Could you copy exactly the lines below from the one with "Būklė: Sulopyti apsiuvai." to the one with "while (fast.next &&", inclusive, leaving out any pictures?

Task input:
########

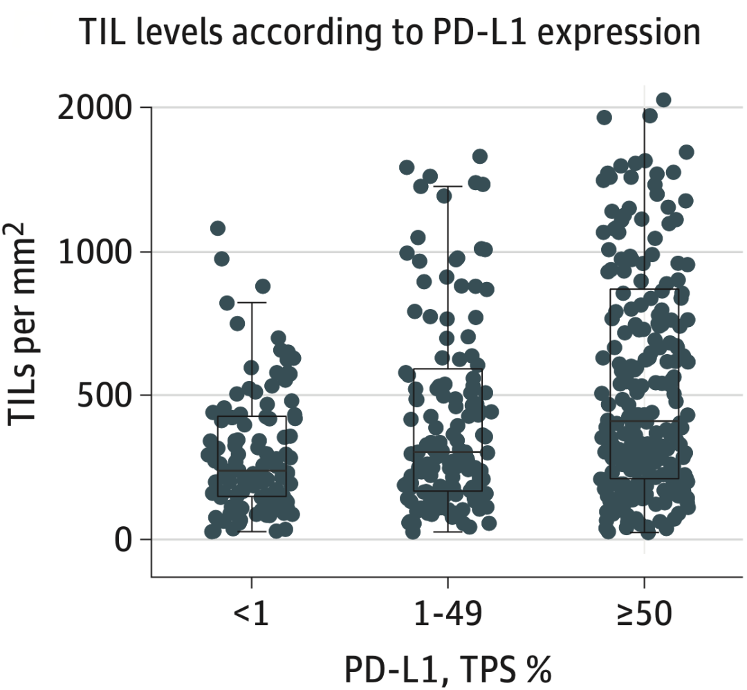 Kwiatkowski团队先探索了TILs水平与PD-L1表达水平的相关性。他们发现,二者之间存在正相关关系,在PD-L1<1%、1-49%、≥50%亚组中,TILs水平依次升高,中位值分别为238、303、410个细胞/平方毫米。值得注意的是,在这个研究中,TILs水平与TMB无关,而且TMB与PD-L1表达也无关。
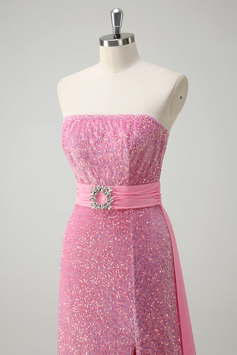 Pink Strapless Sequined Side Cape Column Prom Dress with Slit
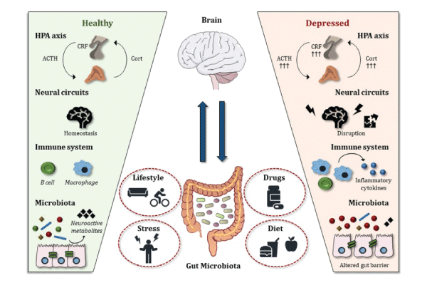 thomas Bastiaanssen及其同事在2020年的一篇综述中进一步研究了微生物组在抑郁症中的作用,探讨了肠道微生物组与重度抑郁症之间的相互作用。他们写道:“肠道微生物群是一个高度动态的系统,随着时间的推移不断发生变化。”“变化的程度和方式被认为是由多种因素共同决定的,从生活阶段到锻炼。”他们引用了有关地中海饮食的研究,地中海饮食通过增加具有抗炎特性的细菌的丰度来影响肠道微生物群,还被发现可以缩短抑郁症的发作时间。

########

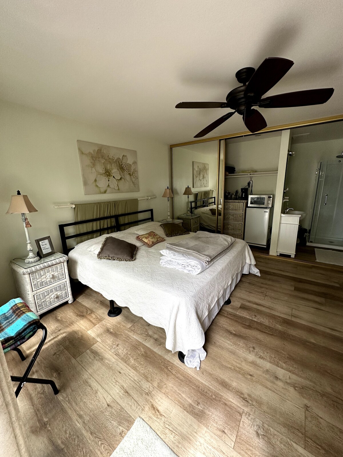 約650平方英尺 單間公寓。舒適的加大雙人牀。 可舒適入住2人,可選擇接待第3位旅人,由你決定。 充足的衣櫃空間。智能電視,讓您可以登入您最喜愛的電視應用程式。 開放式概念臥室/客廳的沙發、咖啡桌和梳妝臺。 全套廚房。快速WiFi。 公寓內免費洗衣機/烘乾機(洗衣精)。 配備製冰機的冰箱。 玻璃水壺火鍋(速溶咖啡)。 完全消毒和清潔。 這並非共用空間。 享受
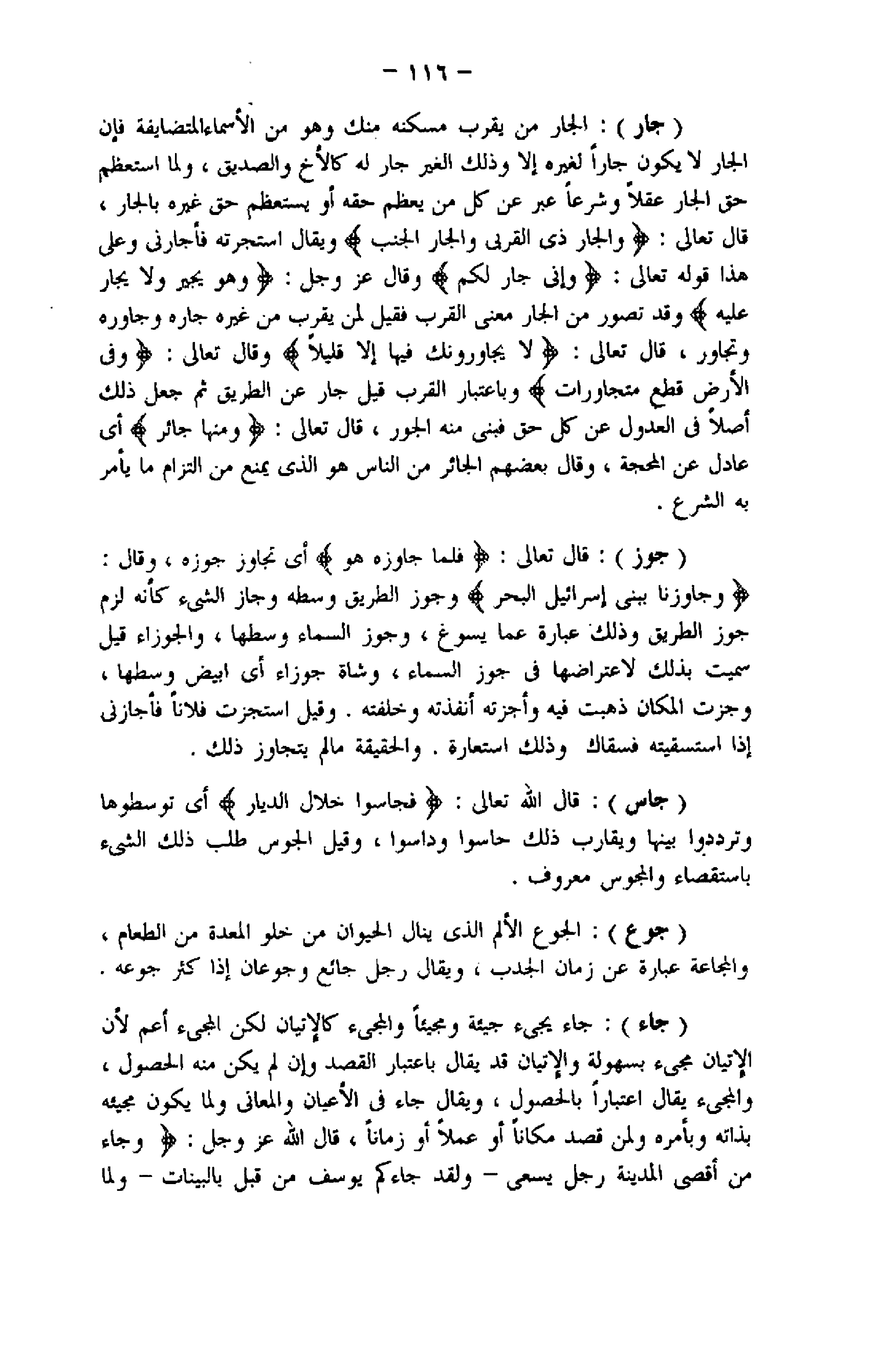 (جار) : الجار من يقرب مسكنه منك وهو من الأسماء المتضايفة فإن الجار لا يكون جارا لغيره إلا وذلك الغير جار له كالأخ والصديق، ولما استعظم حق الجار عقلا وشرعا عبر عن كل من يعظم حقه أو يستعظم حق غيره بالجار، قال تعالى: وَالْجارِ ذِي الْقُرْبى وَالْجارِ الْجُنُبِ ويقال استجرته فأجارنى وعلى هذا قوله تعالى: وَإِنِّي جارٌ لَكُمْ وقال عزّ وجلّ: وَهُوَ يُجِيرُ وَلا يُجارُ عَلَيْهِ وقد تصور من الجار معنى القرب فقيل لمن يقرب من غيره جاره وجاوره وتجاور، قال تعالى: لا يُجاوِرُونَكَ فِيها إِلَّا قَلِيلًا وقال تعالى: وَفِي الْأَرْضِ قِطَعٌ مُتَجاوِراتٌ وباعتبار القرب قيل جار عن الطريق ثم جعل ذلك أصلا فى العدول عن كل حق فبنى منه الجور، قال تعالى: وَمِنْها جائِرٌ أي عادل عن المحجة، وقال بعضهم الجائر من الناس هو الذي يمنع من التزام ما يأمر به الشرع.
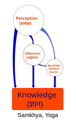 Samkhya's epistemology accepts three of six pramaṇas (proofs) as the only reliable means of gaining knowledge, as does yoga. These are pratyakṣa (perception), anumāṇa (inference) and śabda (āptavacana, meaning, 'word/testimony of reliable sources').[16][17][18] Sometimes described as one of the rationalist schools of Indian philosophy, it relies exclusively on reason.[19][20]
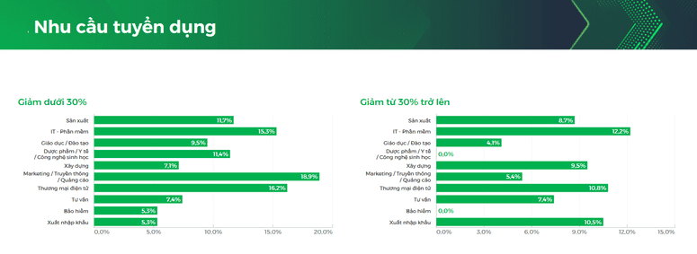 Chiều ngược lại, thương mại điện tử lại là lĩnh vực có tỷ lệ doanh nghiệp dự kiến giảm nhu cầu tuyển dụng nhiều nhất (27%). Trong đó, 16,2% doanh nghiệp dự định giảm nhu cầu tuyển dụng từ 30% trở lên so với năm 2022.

########

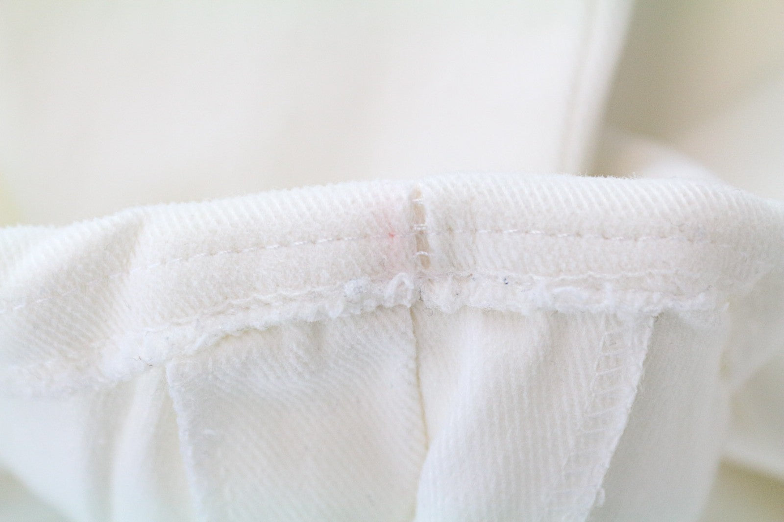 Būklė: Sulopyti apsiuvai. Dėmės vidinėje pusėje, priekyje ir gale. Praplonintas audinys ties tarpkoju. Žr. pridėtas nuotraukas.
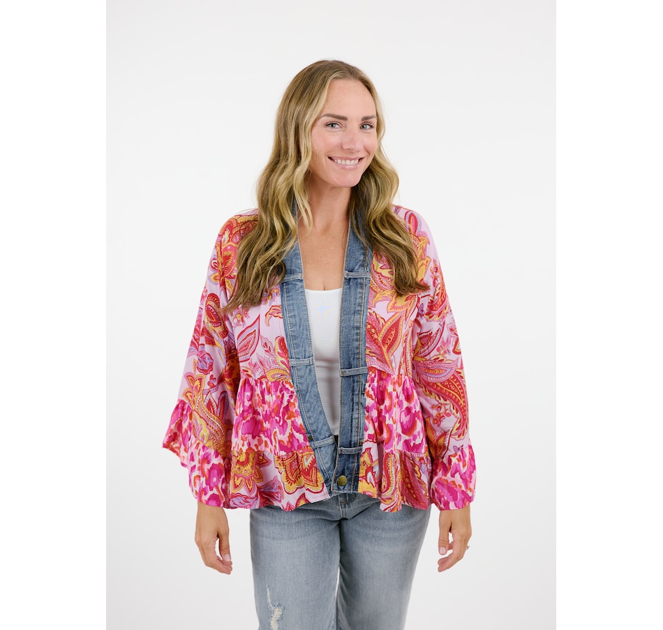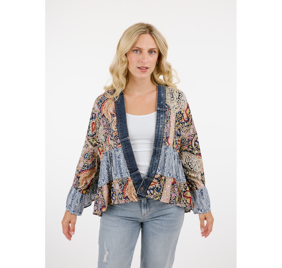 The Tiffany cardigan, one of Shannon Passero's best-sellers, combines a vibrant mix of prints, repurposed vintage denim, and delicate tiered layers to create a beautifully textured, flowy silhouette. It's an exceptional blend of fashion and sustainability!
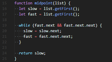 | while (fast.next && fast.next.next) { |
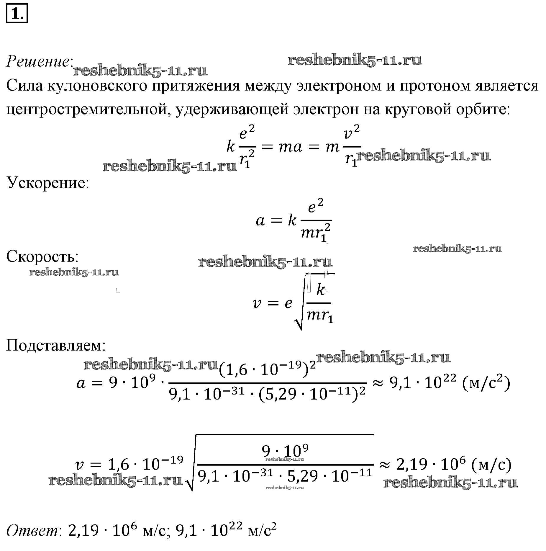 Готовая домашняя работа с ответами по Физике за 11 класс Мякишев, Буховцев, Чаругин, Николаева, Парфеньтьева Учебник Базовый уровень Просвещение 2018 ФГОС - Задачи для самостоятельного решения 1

########

Result below:
 Būklė: Sulopyti apsiuvai. Dėmės vidinėje pusėje, priekyje ir gale. Praplonintas audinys ties tarpkoju. Žr. pridėtas nuotraukas.
 The Tiffany cardigan, one of Shannon Passero's best-sellers, combines a vibrant mix of prints, repurposed vintage denim, and delicate tiered layers to create a beautifully textured, flowy silhouette. It's an exceptional blend of fashion and sustainability!
 | while (fast.next && fast.next.next) { |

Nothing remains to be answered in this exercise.